The expected output is every line of the data exactly as shown, minus the images.

**** GIVEN ENTRIES

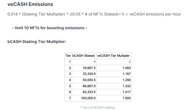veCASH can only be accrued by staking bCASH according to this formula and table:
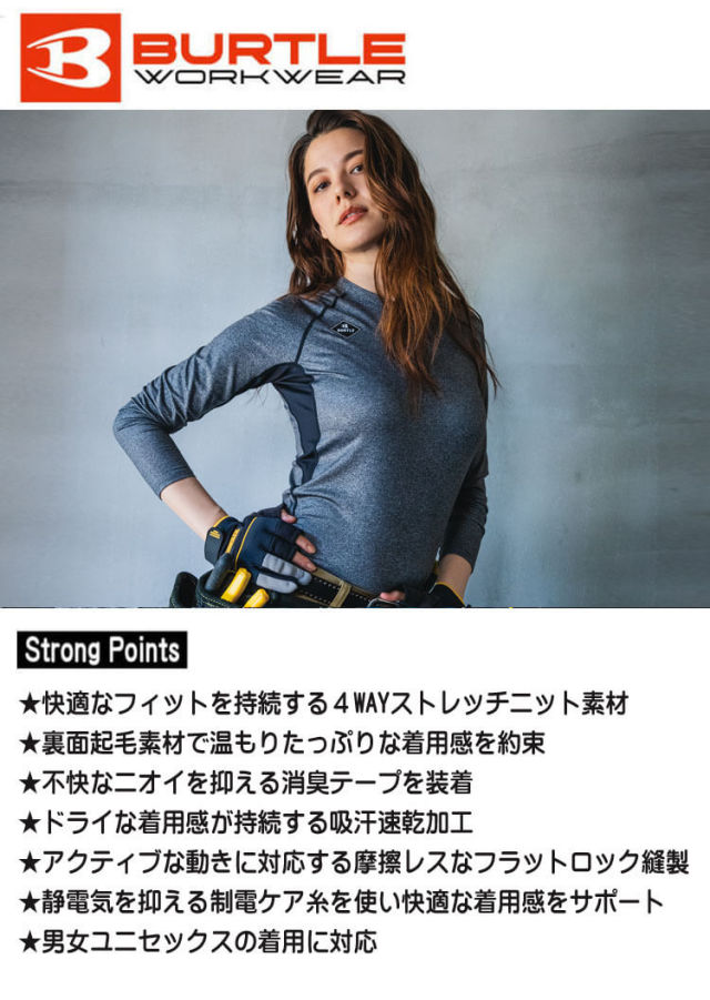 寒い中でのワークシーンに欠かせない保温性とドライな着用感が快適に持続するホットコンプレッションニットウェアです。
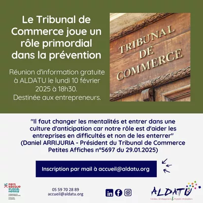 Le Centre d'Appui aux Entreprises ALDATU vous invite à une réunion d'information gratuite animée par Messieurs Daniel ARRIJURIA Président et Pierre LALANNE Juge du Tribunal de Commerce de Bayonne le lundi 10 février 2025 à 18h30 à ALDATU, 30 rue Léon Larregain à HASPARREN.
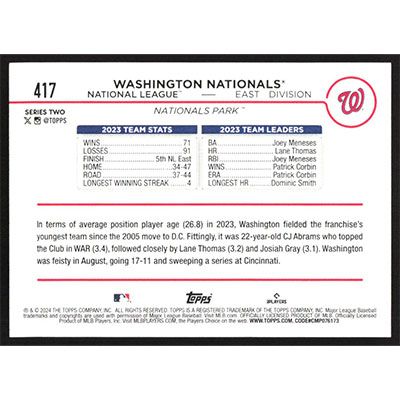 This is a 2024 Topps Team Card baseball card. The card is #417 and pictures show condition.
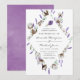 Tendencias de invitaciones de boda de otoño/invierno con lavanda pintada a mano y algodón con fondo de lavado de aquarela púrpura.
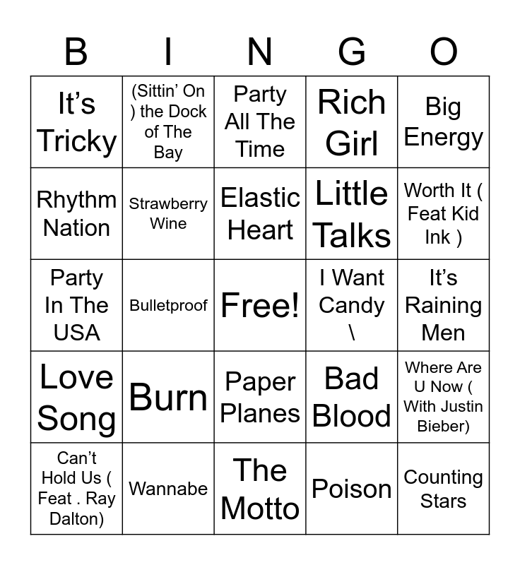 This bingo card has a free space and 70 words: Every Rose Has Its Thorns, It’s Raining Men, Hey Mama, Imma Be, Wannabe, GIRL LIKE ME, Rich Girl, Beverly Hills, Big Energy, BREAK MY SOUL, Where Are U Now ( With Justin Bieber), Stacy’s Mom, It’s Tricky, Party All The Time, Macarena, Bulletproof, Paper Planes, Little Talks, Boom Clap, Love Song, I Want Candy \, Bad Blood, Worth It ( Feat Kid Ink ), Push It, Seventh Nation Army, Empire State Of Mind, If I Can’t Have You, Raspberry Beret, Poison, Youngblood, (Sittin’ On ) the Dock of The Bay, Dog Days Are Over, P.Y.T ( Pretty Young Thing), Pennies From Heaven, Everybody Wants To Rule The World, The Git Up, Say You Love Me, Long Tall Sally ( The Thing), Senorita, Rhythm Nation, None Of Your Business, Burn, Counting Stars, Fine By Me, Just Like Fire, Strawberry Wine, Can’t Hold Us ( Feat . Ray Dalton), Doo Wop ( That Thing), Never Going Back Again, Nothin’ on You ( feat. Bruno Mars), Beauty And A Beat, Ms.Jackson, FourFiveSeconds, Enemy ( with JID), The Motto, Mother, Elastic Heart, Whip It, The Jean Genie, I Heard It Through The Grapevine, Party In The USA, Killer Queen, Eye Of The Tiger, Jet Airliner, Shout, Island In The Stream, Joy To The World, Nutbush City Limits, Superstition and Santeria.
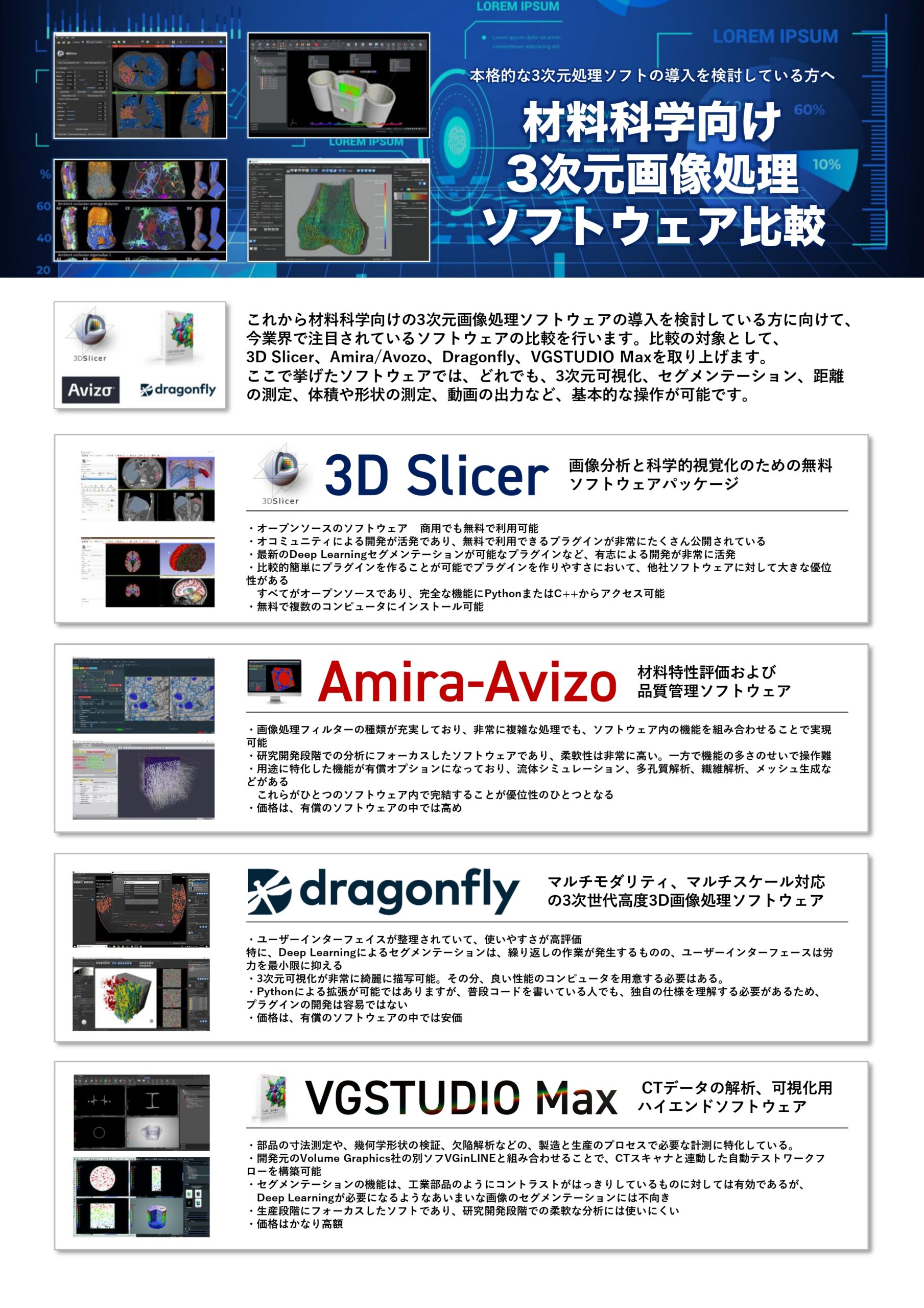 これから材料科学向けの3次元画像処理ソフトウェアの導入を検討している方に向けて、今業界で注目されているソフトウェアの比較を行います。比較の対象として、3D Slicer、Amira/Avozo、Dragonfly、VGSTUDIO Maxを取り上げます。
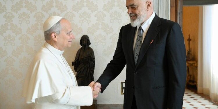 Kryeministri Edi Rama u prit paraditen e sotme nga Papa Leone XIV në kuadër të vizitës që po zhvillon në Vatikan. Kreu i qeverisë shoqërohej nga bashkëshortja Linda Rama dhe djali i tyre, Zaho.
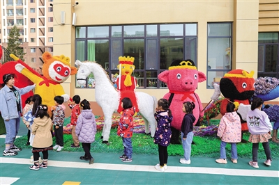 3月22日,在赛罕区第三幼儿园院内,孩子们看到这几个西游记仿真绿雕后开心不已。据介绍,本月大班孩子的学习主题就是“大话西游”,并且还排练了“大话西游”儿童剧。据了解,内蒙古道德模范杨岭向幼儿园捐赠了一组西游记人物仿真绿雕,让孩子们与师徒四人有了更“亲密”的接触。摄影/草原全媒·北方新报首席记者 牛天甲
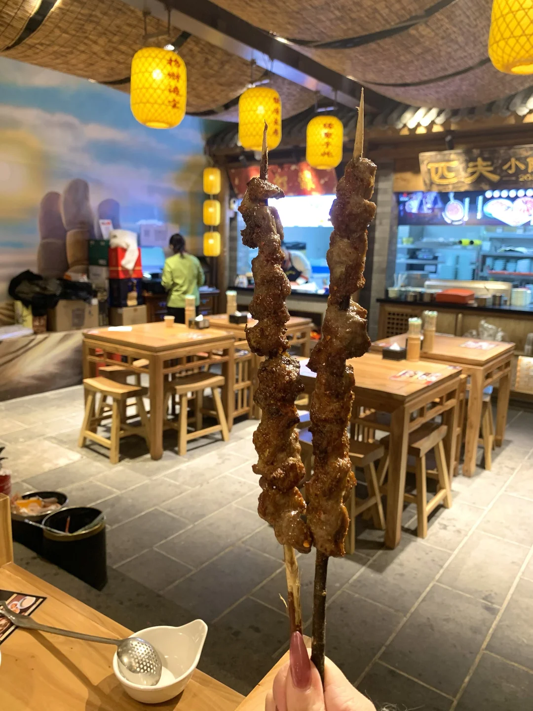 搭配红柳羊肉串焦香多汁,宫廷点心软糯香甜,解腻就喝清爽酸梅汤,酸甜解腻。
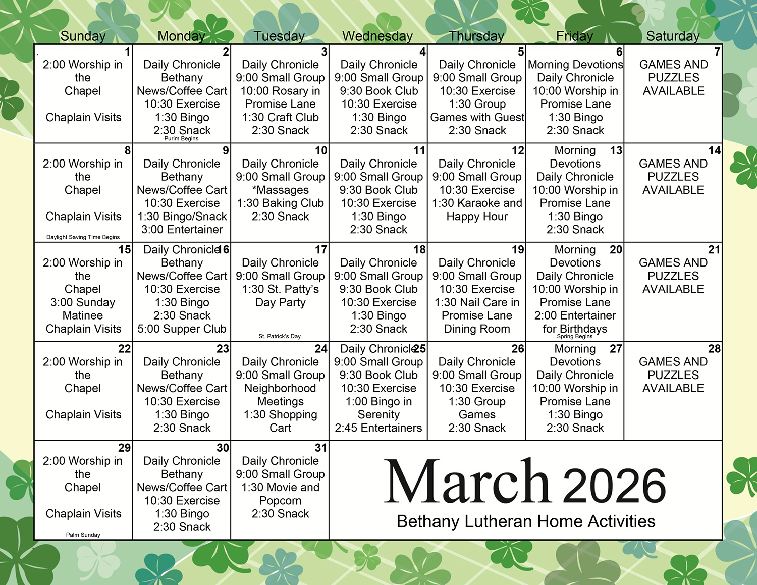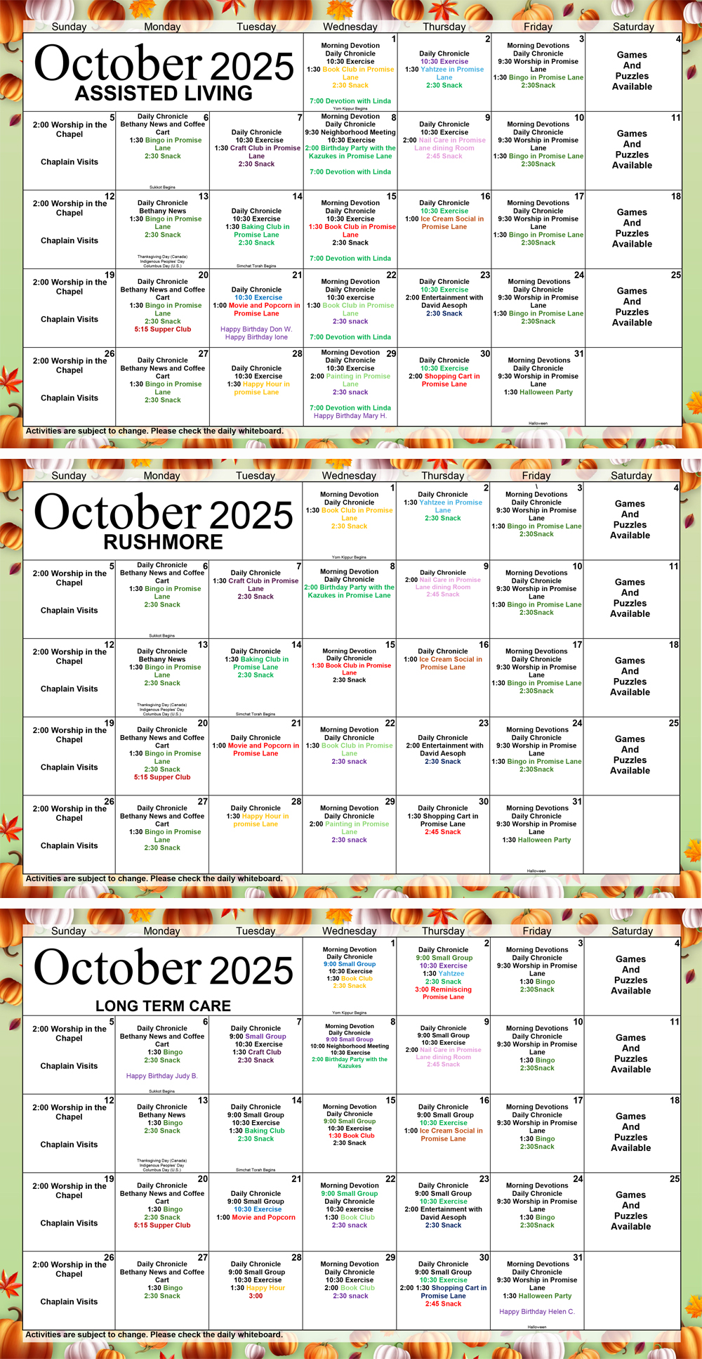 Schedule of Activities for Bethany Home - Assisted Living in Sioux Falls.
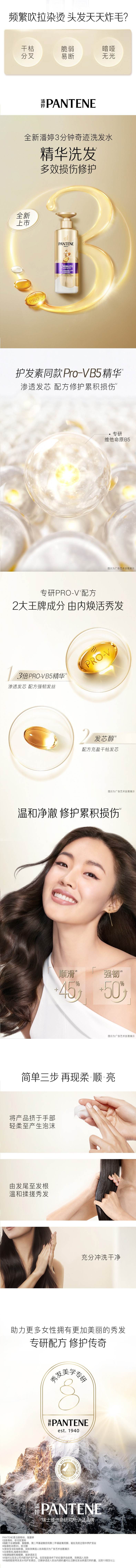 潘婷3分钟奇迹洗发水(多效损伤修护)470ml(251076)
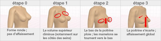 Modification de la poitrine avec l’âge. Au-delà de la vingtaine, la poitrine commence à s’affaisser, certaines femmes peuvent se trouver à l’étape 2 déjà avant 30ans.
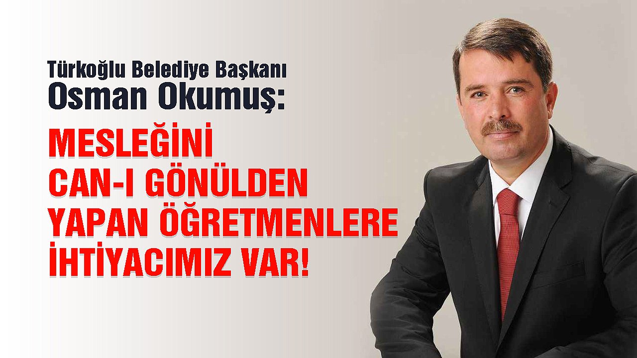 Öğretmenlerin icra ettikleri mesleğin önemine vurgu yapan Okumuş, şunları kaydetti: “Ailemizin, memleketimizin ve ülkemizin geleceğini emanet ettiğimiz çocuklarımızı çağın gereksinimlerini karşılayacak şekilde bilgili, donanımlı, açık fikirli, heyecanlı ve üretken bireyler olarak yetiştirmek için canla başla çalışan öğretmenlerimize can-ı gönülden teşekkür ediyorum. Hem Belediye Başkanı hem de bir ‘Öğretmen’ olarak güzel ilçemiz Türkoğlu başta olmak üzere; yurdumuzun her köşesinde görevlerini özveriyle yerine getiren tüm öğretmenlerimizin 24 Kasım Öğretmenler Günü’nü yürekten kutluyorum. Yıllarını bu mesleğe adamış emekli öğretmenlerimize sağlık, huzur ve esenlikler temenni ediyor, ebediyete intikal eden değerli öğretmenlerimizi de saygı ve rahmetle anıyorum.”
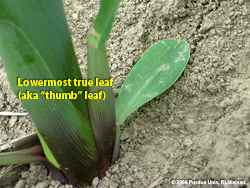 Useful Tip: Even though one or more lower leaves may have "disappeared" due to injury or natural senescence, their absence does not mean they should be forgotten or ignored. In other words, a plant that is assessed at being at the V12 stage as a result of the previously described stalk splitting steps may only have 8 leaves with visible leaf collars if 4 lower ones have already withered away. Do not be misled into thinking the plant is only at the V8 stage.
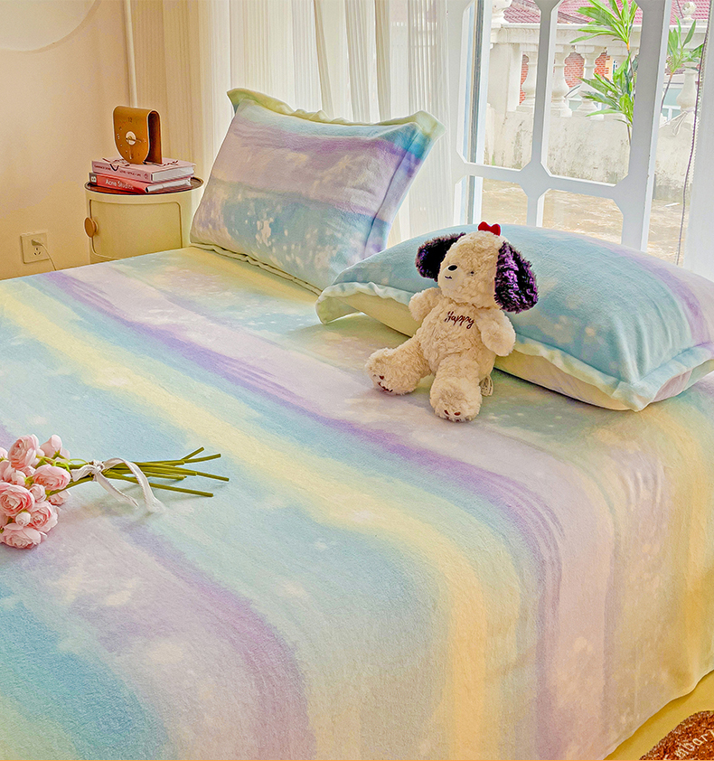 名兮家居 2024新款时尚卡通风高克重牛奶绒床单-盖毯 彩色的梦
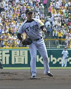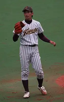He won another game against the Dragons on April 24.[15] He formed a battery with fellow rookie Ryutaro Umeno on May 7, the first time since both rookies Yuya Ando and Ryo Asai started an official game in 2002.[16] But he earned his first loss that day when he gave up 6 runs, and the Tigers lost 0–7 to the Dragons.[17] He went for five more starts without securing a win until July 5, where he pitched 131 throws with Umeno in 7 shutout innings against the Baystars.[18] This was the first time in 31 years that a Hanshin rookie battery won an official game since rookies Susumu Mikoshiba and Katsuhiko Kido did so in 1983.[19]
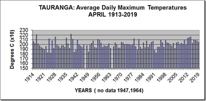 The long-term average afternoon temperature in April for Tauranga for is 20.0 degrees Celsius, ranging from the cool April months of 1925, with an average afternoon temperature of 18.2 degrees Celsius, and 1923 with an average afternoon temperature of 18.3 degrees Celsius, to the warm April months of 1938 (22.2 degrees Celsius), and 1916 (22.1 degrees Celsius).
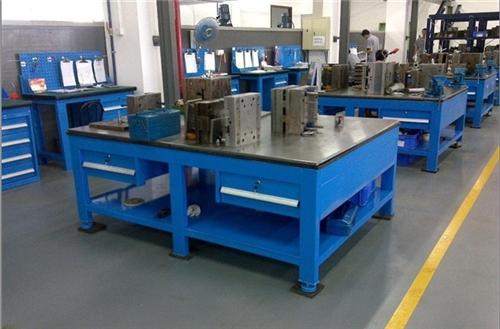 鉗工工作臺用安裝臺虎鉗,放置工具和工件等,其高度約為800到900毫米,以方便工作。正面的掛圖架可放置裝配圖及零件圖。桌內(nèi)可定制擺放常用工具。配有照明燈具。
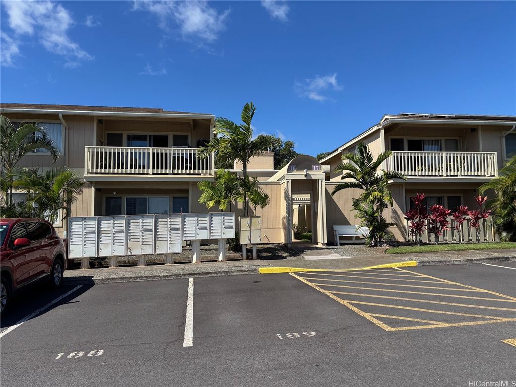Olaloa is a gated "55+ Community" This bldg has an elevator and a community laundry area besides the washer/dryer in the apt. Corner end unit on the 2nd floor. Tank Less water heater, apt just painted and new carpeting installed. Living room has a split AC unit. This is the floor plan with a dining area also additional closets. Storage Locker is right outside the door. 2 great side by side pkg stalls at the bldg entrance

********

EXPECTED ANSWER »
veCASH can only be accrued by staking bCASH according to this formula and table:
 寒い中でのワークシーンに欠かせない保温性とドライな着用感が快適に持続するホットコンプレッションニットウェアです。
 Le Centre d'Appui aux Entreprises ALDATU vous invite à une réunion d'information gratuite animée par Messieurs Daniel ARRIJURIA Président et Pierre LALANNE Juge du Tribunal de Commerce de Bayonne le lundi 10 février 2025 à 18h30 à ALDATU, 30 rue Léon Larregain à HASPARREN.
 This is a 2024 Topps Team Card baseball card. The card is #417 and pictures show condition.
 Tendencias de invitaciones de boda de otoño/invierno con lavanda pintada a mano y algodón con fondo de lavado de aquarela púrpura.
 This bingo card has a free space and 70 words: Every Rose Has Its Thorns, It’s Raining Men, Hey Mama, Imma Be, Wannabe, GIRL LIKE ME, Rich Girl, Beverly Hills, Big Energy, BREAK MY SOUL, Where Are U Now ( With Justin Bieber), Stacy’s Mom, It’s Tricky, Party All The Time, Macarena, Bulletproof, Paper Planes, Little Talks, Boom Clap, Love Song, I Want Candy \, Bad Blood, Worth It ( Feat Kid Ink ), Push It, Seventh Nation Army, Empire State Of Mind, If I Can’t Have You, Raspberry Beret, Poison, Youngblood, (Sittin’ On ) the Dock of The Bay, Dog Days Are Over, P.Y.T ( Pretty Young Thing), Pennies From Heaven, Everybody Wants To Rule The World, The Git Up, Say You Love Me, Long Tall Sally ( The Thing), Senorita, Rhythm Nation, None Of Your Business, Burn, Counting Stars, Fine By Me, Just Like Fire, Strawberry Wine, Can’t Hold Us ( Feat . Ray Dalton), Doo Wop ( That Thing), Never Going Back Again, Nothin’ on You ( feat. Bruno Mars), Beauty And A Beat, Ms.Jackson, FourFiveSeconds, Enemy ( with JID), The Motto, Mother, Elastic Heart, Whip It, The Jean Genie, I Heard It Through The Grapevine, Party In The USA, Killer Queen, Eye Of The Tiger, Jet Airliner, Shout, Island In The Stream, Joy To The World, Nutbush City Limits, Superstition and Santeria.
 これから材料科学向けの3次元画像処理ソフトウェアの導入を検討している方に向けて、今業界で注目されているソフトウェアの比較を行います。比較の対象として、3D Slicer、Amira/Avozo、Dragonfly、VGSTUDIO Maxを取り上げます。
 Kryeministri Edi Rama u prit paraditen e sotme nga Papa Leone XIV në kuadër të vizitës që po zhvillon në Vatikan. Kreu i qeverisë shoqërohej nga bashkëshortja Linda Rama dhe djali i tyre, Zaho.
 3月22日,在赛罕区第三幼儿园院内,孩子们看到这几个西游记仿真绿雕后开心不已。据介绍,本月大班孩子的学习主题就是“大话西游”,并且还排练了“大话西游”儿童剧。据了解,内蒙古道德模范杨岭向幼儿园捐赠了一组西游记人物仿真绿雕,让孩子们与师徒四人有了更“亲密”的接触。摄影/草原全媒·北方新报首席记者 牛天甲
 搭配红柳羊肉串焦香多汁,宫廷点心软糯香甜,解腻就喝清爽酸梅汤,酸甜解腻。
 Schedule of Activities for Bethany Home - Assisted Living in Sioux Falls.
 潘婷3分钟奇迹洗发水(多效损伤修护)470ml(251076)
 Modification de la poitrine avec l’âge. Au-delà de la vingtaine, la poitrine commence à s’affaisser, certaines femmes peuvent se trouver à l’étape 2 déjà avant 30ans.
 Öğretmenlerin icra ettikleri mesleğin önemine vurgu yapan Okumuş, şunları kaydetti: “Ailemizin, memleketimizin ve ülkemizin geleceğini emanet ettiğimiz çocuklarımızı çağın gereksinimlerini karşılayacak şekilde bilgili, donanımlı, açık fikirli, heyecanlı ve üretken bireyler olarak yetiştirmek için canla başla çalışan öğretmenlerimize can-ı gönülden teşekkür ediyorum. Hem Belediye Başkanı hem de bir ‘Öğretmen’ olarak güzel ilçemiz Türkoğlu başta olmak üzere; yurdumuzun her köşesinde görevlerini özveriyle yerine getiren tüm öğretmenlerimizin 24 Kasım Öğretmenler Günü’nü yürekten kutluyorum. Yıllarını bu mesleğe adamış emekli öğretmenlerimize sağlık, huzur ve esenlikler temenni ediyor, ebediyete intikal eden değerli öğretmenlerimizi de saygı ve rahmetle anıyorum.”
 Useful Tip: Even though one or more lower leaves may have "disappeared" due to injury or natural senescence, their absence does not mean they should be forgotten or ignored. In other words, a plant that is assessed at being at the V12 stage as a result of the previously described stalk splitting steps may only have 8 leaves with visible leaf collars if 4 lower ones have already withered away. Do not be misled into thinking the plant is only at the V8 stage.
 名兮家居 2024新款时尚卡通风高克重牛奶绒床单-盖毯 彩色的梦
He won another game against the Dragons on April 24.[15] He formed a battery with fellow rookie Ryutaro Umeno on May 7, the first time since both rookies Yuya Ando and Ryo Asai started an official game in 2002.[16] But he earned his first loss that day when he gave up 6 runs, and the Tigers lost 0–7 to the Dragons.[17] He went for five more starts without securing a win until July 5, where he pitched 131 throws with Umeno in 7 shutout innings against the Baystars.[18] This was the first time in 31 years that a Hanshin rookie battery won an official game since rookies Susumu Mikoshiba and Katsuhiko Kido did so in 1983.[19]
 The long-term average afternoon temperature in April for Tauranga for is 20.0 degrees Celsius, ranging from the cool April months of 1925, with an average afternoon temperature of 18.2 degrees Celsius, and 1923 with an average afternoon temperature of 18.3 degrees Celsius, to the warm April months of 1938 (22.2 degrees Celsius), and 1916 (22.1 degrees Celsius).
 鉗工工作臺用安裝臺虎鉗,放置工具和工件等,其高度約為800到900毫米,以方便工作。正面的掛圖架可放置裝配圖及零件圖。桌內(nèi)可定制擺放常用工具。配有照明燈具。
Olaloa is a gated "55+ Community" This bldg has an elevator and a community laundry area besides the washer/dryer in the apt. Corner end unit on the 2nd floor. Tank Less water heater, apt just painted and new carpeting installed. Living room has a split AC unit. This is the floor plan with a dining area also additional closets. Storage Locker is right outside the door. 2 great side by side pkg stalls at the bldg entrance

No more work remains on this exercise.